Exclusions et convergences
En vue de garantir que les paiements directs sont alloués aux agriculteurs actifs uniquement, la Commission parlementaire a établi une liste d’entités, telles que les aéroports ou les clubs de sport, qui seraient automatiquement exclues du financement européen, à moins qu’elles prouvent que l’agriculture constitue une part importante de leurs revenus. Les États membres pourraient étendre ou adapter cette liste. Les députés ont également déclaré que les différences entre États membres concernant les niveaux de financement européen alloué aux agriculteurs devraient être réduits un peu plus rapidement que ce qu’a proposé la Commission européenne. Conformément aux nouvelles règles, aucun agriculteur de l’UE ne devrait recevoir moins de 65 % de la moyenne européenne. « La commission parlementaire a opté pour une redistribution plus solide de l’aide entre États membres, étant donné qu’il est difficile d’accepter des différences d’environ 300 €/ha entre agriculteurs dans divers États membres », a déclaré Manuel Capoulas Santos, rapporteur sur les règlements relatifs aux paiements directs et au développement rural. Le taux des paiements aux agriculteurs dans chaque État membre pourrait également devenir uniforme d’ici 2019. Toutefois, en vue d’éviter des baisses soudaines et considérables du soutien, qui pourraient menacer la viabilité de nombreuses exploitations agricoles, les États membres seraient toujours autorisés à s’écarter de 20 %, au maximum, de la moyenne. En outre, la proposition du ministre de l’Agriculture de « surprimer » les 50 premiers hectares dans la limite de 30 % de l’enveloppe nationale a été votée.

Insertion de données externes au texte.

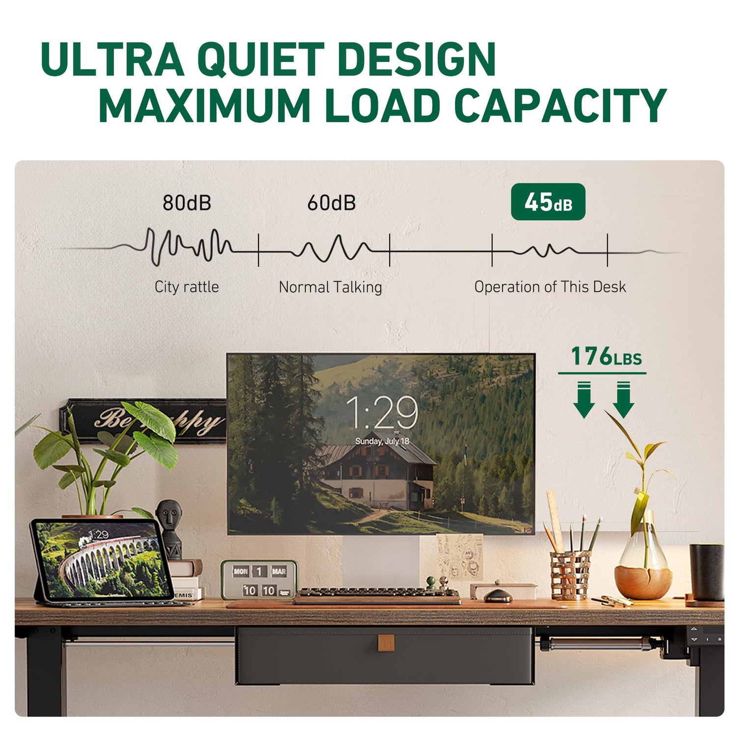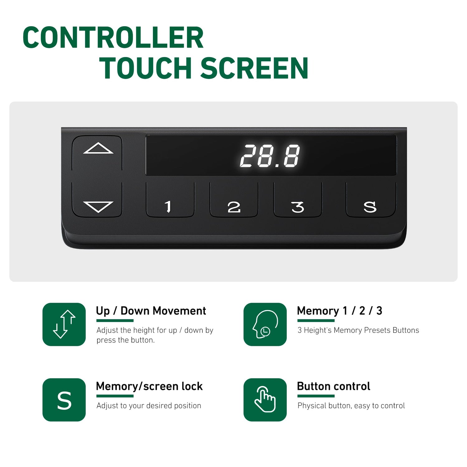 - Height Adjustable Lift: The brake system is controlled by electric motors to adjust different tabletop heights from 27.7 to 46.6 Inches. 4 Positions memory functions lift conveniently and quickly.This standing desk operates with 45 db.

Renouvellement des générations
En ce qui concerne les priorités de l’Union pour le développement rural, le compromis adopté insiste sur la nécessité de faciliter l’entrée de nouveaux agriculteurs compétents, y compris dans le cadre du renouvellement générationnel. Il s’oriente vers un encouragement de la performance économique, de la participation au marché, de la diversification, de la modernisation et de la restructuration. Ce compromis encourage le maintien de l’agriculture productive dans les zones de montagne, les zones défavorisées et les régions ultrapériphériques.


La FNSEA « entendue » par le parlement européen

La FNSEA s’est dite satisfaite de l’introduction du « bon sens paysan » par le vote de la Commission agricole du Parlement européen du 23 janvier. « Le vote du Parlement européen est symbolique d’une nouvelle prise en compte des véritables contraintes et de la diversité de situation des agriculteurs, élargissant de fait un champ des possibles qui, jusque-là, faisait défaut », écrit le syndicat dans un communiqué du 29 janvier. Parmi les mesures votées, jugées comme des « avancées », on trouve: la nécessité d’atténuer les effets de seuil de la convergence et du temps nécessaire à celle-ci (pas de convergence totale en 2019), l’assouplissement de certains éléments du verdissement, l’intérêt du recouplage, la nécessité de garde-fous à l’évolution des marchés, le renforcement de la position des agriculteurs au sein de la chaîne alimentaire, les nouvelles approches quant à la gestion des risques, et enfin l’introduction de plus de progressivité et de proportionnalité dans les sanctions. Néanmoins, les propositions doivent encore être validées par le Parlement et reprises dans un accord final avec le Conseil des ministres de l’agriculture. « Nous avons été entendus par la Commission agricole du Parlement européen (...) Les intérêts des paysans français se défendent au jour le jour, pas deux mois dans l’année », conclut le syndicat.
Les négociations à venir

La position de négociation de la Commission de l’agriculture doit recevoir l’approbation du Parlement dans son ensemble, avant que les députés puissent débuter les négociations avec les États membres sur la version finale de la future PAC. Pour l’instant, le vote en plénière est prévu pour la session de mars à Strasbourg, en attendant les chiffres finaux du cadre financier pluriannuel de l’UE pour 2014-2020, qui pourrait être adopté par le prochain sommet des chefs d’État et de gouvernement de l’Union, les 7-8 février.